++++ PROVIDED MATERIAL

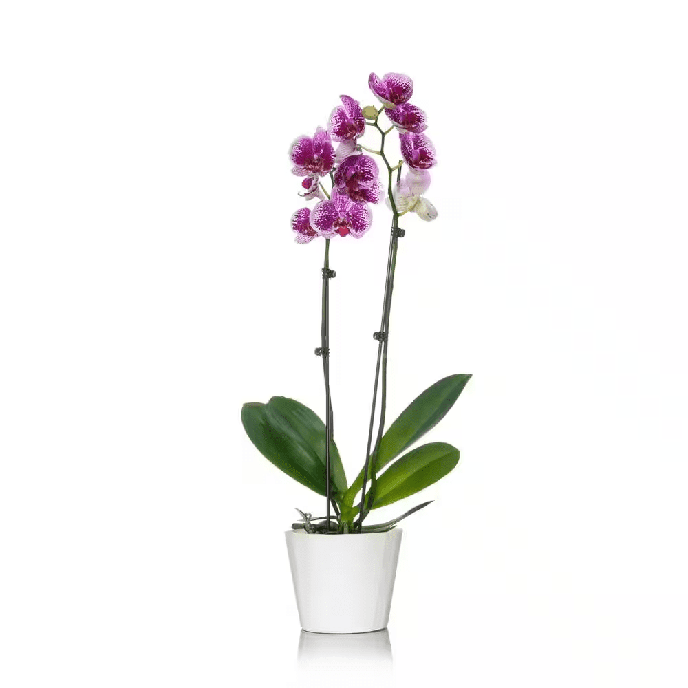 A beautiful 5 in. double stemmed orchid nestled in a silver or gold holiday ceramic pot with coordinating floral pick. A premium selected plant with 6 or more flowers and buds. A proven bloomer and stunning plant, this flower is guaranteed to be a focal point in any interior room. Orchids are known for their elegance and architectural shape – an impressive gift for any recipient. Just Add Ice Orchids is one of the most trusted floral brands in North America, providing top quality floral and plant products. Simply add three ice cubes per week – It’s Just that simple.
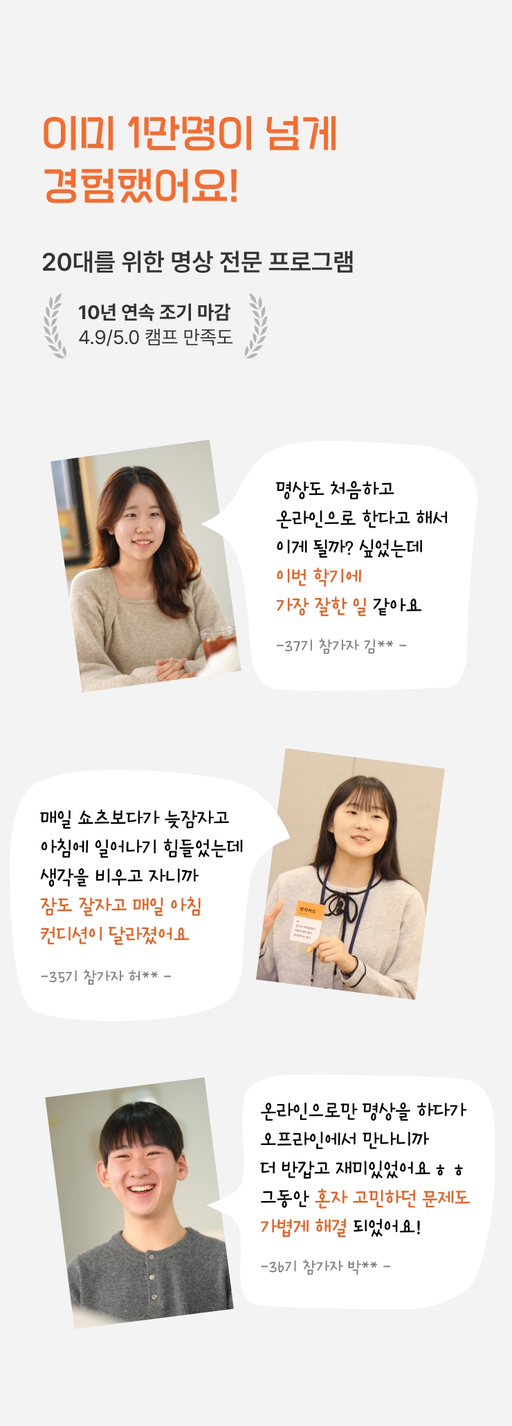 원활한 캠프 운영을 위해 단체 생활에 어려움이 될 수 있는 정신적/신체적 병력사항을 확인하고 있습니다.
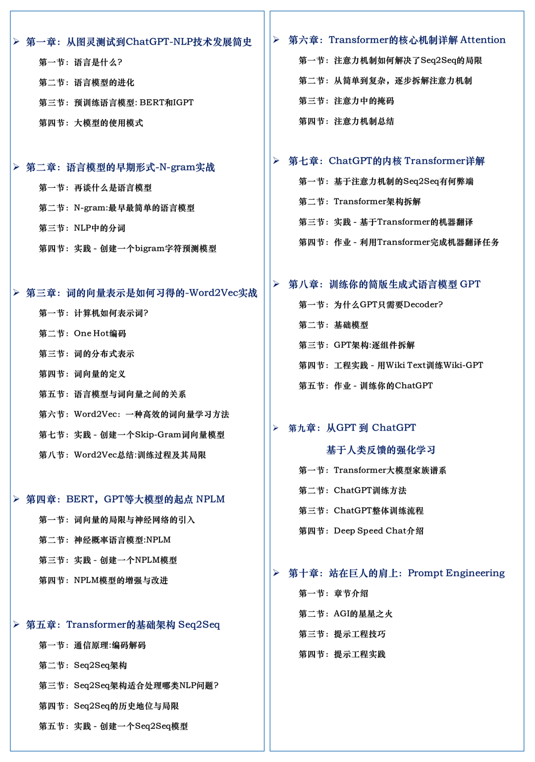 本门课程采透彻理解以ChatGPT为代表的生成式语言模型的原理以及代码实现,自主开发属于自己的ChatGPT。(1)掌握语言模型的经典与主流算法,及其发展脉络;1. 你将获得现代NLP技术的关键内核和完整脉络(摒弃一切已经不需要过多了解的过时东西)
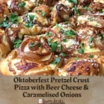 Oktoberfest Pretzel Crust Pizza with Beer Cheese & Caramelized Onions
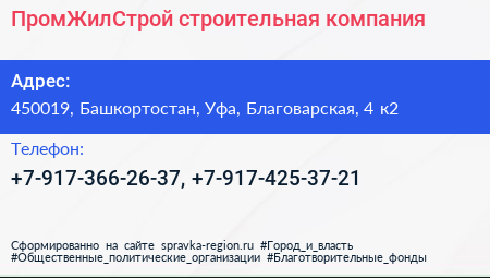 ПромЖилСтрой, строительная компания по адресу 450019, Башкортостан, Уфа, Благоварская, 4 к2 в дальнейшем Организация, размещена в следующих категориях:

++++++++

__EXERCISE__.
Drop the pictures; repeat each entry above exactly.

__ANSWER TO THE PROBLEM__.
 A beautiful 5 in. double stemmed orchid nestled in a silver or gold holiday ceramic pot with coordinating floral pick. A premium selected plant with 6 or more flowers and buds. A proven bloomer and stunning plant, this flower is guaranteed to be a focal point in any interior room. Orchids are known for their elegance and architectural shape – an impressive gift for any recipient. Just Add Ice Orchids is one of the most trusted floral brands in North America, providing top quality floral and plant products. Simply add three ice cubes per week – It’s Just that simple.
 원활한 캠프 운영을 위해 단체 생활에 어려움이 될 수 있는 정신적/신체적 병력사항을 확인하고 있습니다.
 本门课程采透彻理解以ChatGPT为代表的生成式语言模型的原理以及代码实现,自主开发属于自己的ChatGPT。(1)掌握语言模型的经典与主流算法,及其发展脉络;1. 你将获得现代NLP技术的关键内核和完整脉络(摒弃一切已经不需要过多了解的过时东西)
 Oktoberfest Pretzel Crust Pizza with Beer Cheese & Caramelized Onions
 ПромЖилСтрой, строительная компания по адресу 450019, Башкортостан, Уфа, Благоварская, 4 к2 в дальнейшем Организация, размещена в следующих категориях:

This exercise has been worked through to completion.